Oddly enough, a few hours later we began to get hungry again. Later that evening we decided to go to the Blue Smoke Bar-B-Q. It had been recommended by Julie’s cab driver. Since there was a 45-minute wait for a table, we walked around the neighborhood before being seated. I was unable to decided on a dish so I had the combo of pork ribs, pulled pork, smoked chicken, and smoked sausage. It was all good including the calamari, the creamed spinach, and collard greens. Having no room for dessert, we ordered one anway—chocolate mousse silk pie. We stumbled back to the Hotel Giraffe and called it a night.

Monday July 4, 2011.

A new day would bring new adventures. We fortified ourselves with the Continental Breakfast provided by the hotel. The faire was quite good and was the same everyday. Along with their delicious coffee they provided juices, fruit, hard-boiled eggs, and assorted bagels, pastries, muffins, and croissants.
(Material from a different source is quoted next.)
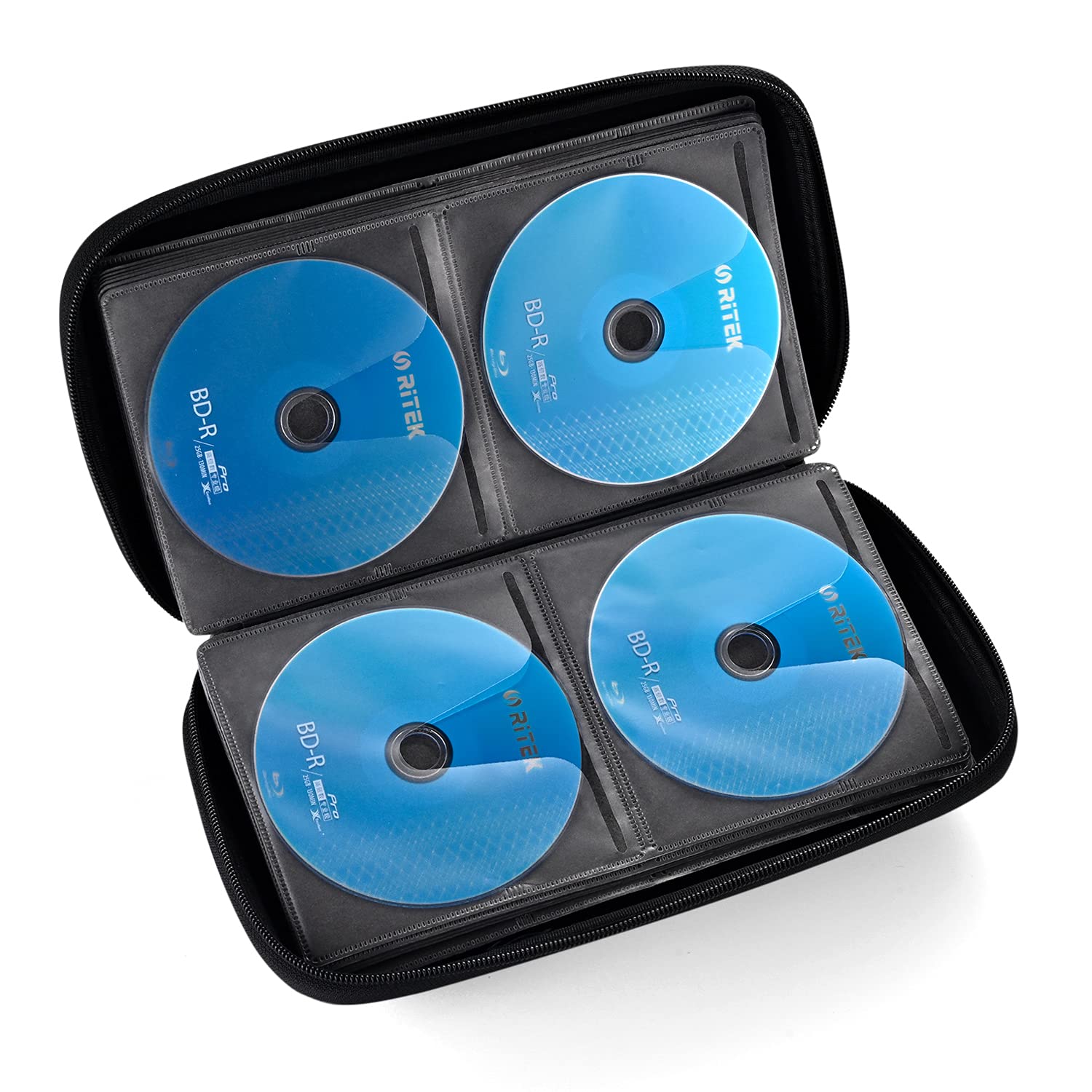 【高品質】EVA +不織布フィルム製。厚手・適度な硬度のカバー、スリムなジッパー付き。防水・耐摩耗性。96枚のディスクを収納可能。

We left the hotel, boarded the subway heading downtown and got off at the Brooklyn Bridge stop. We walked across the Brooklyn Bridge taking in all the surrounding sights. This was a popular activity. We were joined by many walkers and cyclists. We crossed the bridge and dropped into DUMBO(down under the Manhattan bridge overpass). There was a mandatory stop at the Jaques Torres Chocolate Shop. We had a light meal at a little café where we had eggs in a cloud. This was a unique dish consisting of baked eggs whites looking like a cloud holding two egg yolks.
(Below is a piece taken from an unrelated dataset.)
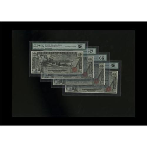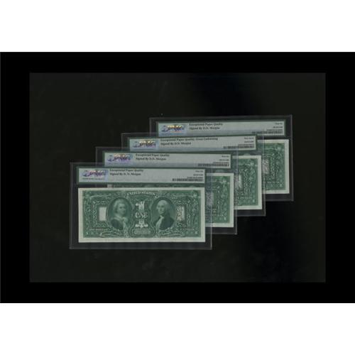 <B>Courtesy Autograph Fr. 224 $1 1896 Silver Certificate Cut Sheet PMG Gem Uncirculated 66 EPQ; 67 EPQ; 66 EPQ; 66 EPQ.</B></I> This stunning third-party graded cut sheet has the autograph of Treasurer D.N. Morgan on the back of each note. Mr. Morgan also added "Treasurer 1893 - 1897" underneath each of his signatures on these notes that also exhibit his engraved signature on the face. The notes carry serial numbers 633-36 and each is fully margined and carries a grade of 66 or better. The three 66 notes have the additional PMG comments of "great embossing," while the 67 note's comments are "exceptional paper quality, great embossing." Also, this cut sheet shows that there was not much room between the notes and that the cutting blades had to be "right on the money" in order to get the desired results of nicely margined notes that paper money collectors cherish. A fantastic paper money item that combines condition, rarity, and history.

We took the subway under the East River to the Financial District. We walked around Ground Zero and saw the first replacement tower. It was only half completed but already was higher than all the surrounding buildings. We walked around Battery Park and the large Financial Center Building. With our dogs a barking, we returned to the hotel to prepare for the evening activities.

We had reservations on the Circle Line Boat Tour to go out on the Hudson River for the evening fireworks show. We took the subway to Times Square in hopes of catching a cab to the dock. There was no way to get a taxi and even if we did, they were all in gridlock. We hoofed it to the dock only to be placed in a line with hundreds of other people. We finally got on the boat and got out onto the Hudson River. After dark, at 9:30 PM, the fireworks started. They were spectacular and being on the water enhanced the view. After the show we disembarked with throngs of people not only from our boat but a host of other boats. We started walking, futilely looking for a taxi. No luck. We made it back to Times Square and took the subway back to the hotel. We were pretty tired by now. Who knew having so much fun could be so exhausting.

Tuesday July 5, 2011

After a night of good, restorative sleep we were ready to go at it again. We took the subway up to Central park and walked further to the American Museum of Natural History. One could spend a week in there and not see everything so we had choices to make. We went to the Largest Dinosaurs Exhibit. This showcased the largest of all the dinosaurs from birth to death to being dug up as fossils. We had tickets to a brand new exhibit called, The Brain and then we went to an IMAX movie called Tornado Alley where a guy built an armored car so he could get inside a tornado and film it. It was lunchtime and we had lunch at one of the museum cafes. After lunch, Diane and Julie abandoned me to my own devices while they went shopping. I had not had my fill of the museum so I stayed and went to the animal exhibits and then The Incan Trail Photography Exhibit and then the Tibetan Medicine Exhibit. I left the museum and went into Central Park and came back through the Park before I took a subway back to the hotel.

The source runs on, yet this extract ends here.